Back to News Brief ↑


Opening

Statistics Canada’s release of full-year 2025 farm cash receipts data confirms that Canadian dairy producers recorded a $271.1 million increase in receipts over 2024, with growth driven by both higher administered prices and increased milk marketings. Against a national agricultural backdrop defined by falling canola and specialty crop receipts and a sharp reduction in crop insurance payouts, dairy’s supply-managed revenue base provided the stability the system is designed to produce.


Quota and Pricing Conditions

The $271.1 million increase in dairy receipts reflects the compounding effect of two mechanisms: the farmgate price increase that took effect February 1, 2025 — a modest reduction of 0.0237% in that year, offset by volume growth — and the more consequential 2.3255% farmgate price increase that took effect February 1, 2026, which will shape 2026 receipt figures when they are published.
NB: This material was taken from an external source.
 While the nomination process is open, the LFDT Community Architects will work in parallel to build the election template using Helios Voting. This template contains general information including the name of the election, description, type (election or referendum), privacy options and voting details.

The Canadian Dairy Commission’s National Pricing Formula produced the 2025 farmgate adjustment based on the 2023 cost of production survey results, indexed to August 2024. The indexed cost of production came in at $90.36 per hectolitre, down 2.93% from the prior year, driven primarily by a decline in feed costs as global crop prices softened through 2024. The National Pricing Formula blends the cost of production result with the consumer price index — the CPI component, which rose 2.89%, partially offset the feed cost decline, producing the slight negative net farmgate adjustment for 2025.
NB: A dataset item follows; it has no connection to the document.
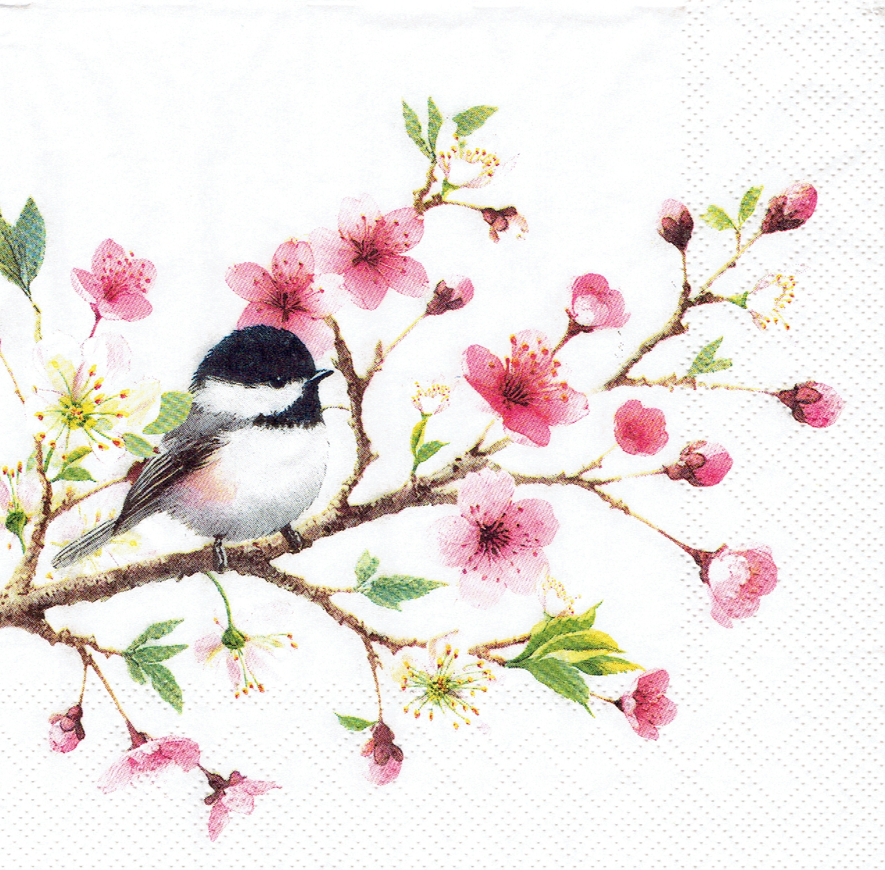 Serwetka decoupage 33x33 cm - ptak, ptaszek, gałązka, kwiaty

The butter support price for 2025 was set at $10.3489/kg, rising to $10.5662/kg effective February 1, 2026 — a gain of $0.2173/kg that improves returns on the butterfat component of milk across all classes.

Sources: Canadian Dairy Commission — Pricing Announcements |

CDC — Support Prices

No quota allocation announcements from Alberta Milk, Dairy Farmers of Manitoba, or SaskMilk have been published in the 60 days preceding this post that would alter the current Western Milk Pool production volume picture.


Production Economics

The 2025 receipt picture in Prairie context

Agriculture and Agri-Food Canada’s Farm Income Forecast, published February 13, 2026, places national net cash income for 2025 at $19.6 billion — stabilized after a 15% decline in 2024, but still 5% below the preceding five-year average. Average net operating income per farm is forecast to have increased 14% to $142,000 in 2025, with all farm types except grains expected to have seen improvement. Average farm net worth rose a further 3% to $4 million.
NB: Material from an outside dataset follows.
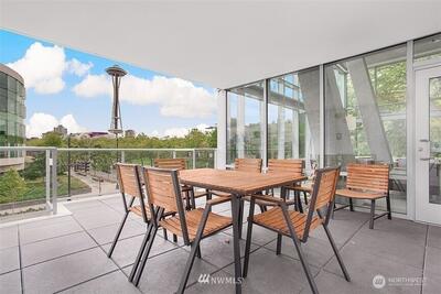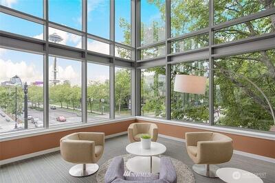 Welcome to Elevated Urban Living at the Lumen. Seattle's premier lower Queen Anne address, where contemporary design meets unparalleled convenience in one of the city's most dynamic neighborhoods.Your Gateway to Everything Seattle. Step outside and find yourself at the epicenter of innovation and culture. The Gates Foundation, Space Needle, Seattle Center, and South Lake Union's thriving tech corridor are at your doorstep, placing you minutes from Seattle's most sought-after destinations.This exceptional top-floor residence showcases The Lumen's signature modern aesthetic— Architectural Excellence with a striking fusion of concrete, glass, and light where sweeping 11-12' ceilings create an expansive atmosphere and floor-to-ceiling windows frame stunning east city views. One of only two units featuring an oversized 17' balcony, perfect for morning coffee or evening entertaining against Seattle's glittering skyline. Premium Investment or Resort-Style Living - Currently generating $2,21

For Prairie dairy operations, the 2025 outcome was structurally different from the experience of their grain and oilseed neighbours. Saskatchewan — Canada’s dominant crop province — was the only province to record a decline in total farm cash receipts, falling $471.2 million on lower canola, lentil, and dry pea prices and marketings. Canola receipts nationally fell on a 6.9% decline in marketings as tariffs on Canadian canola reduced export volumes. Lentils and dry peas each declined on both price and marketing reductions. Alberta, by contrast, gained $1.4 billion in total receipts, with livestock — including dairy — as a primary driver.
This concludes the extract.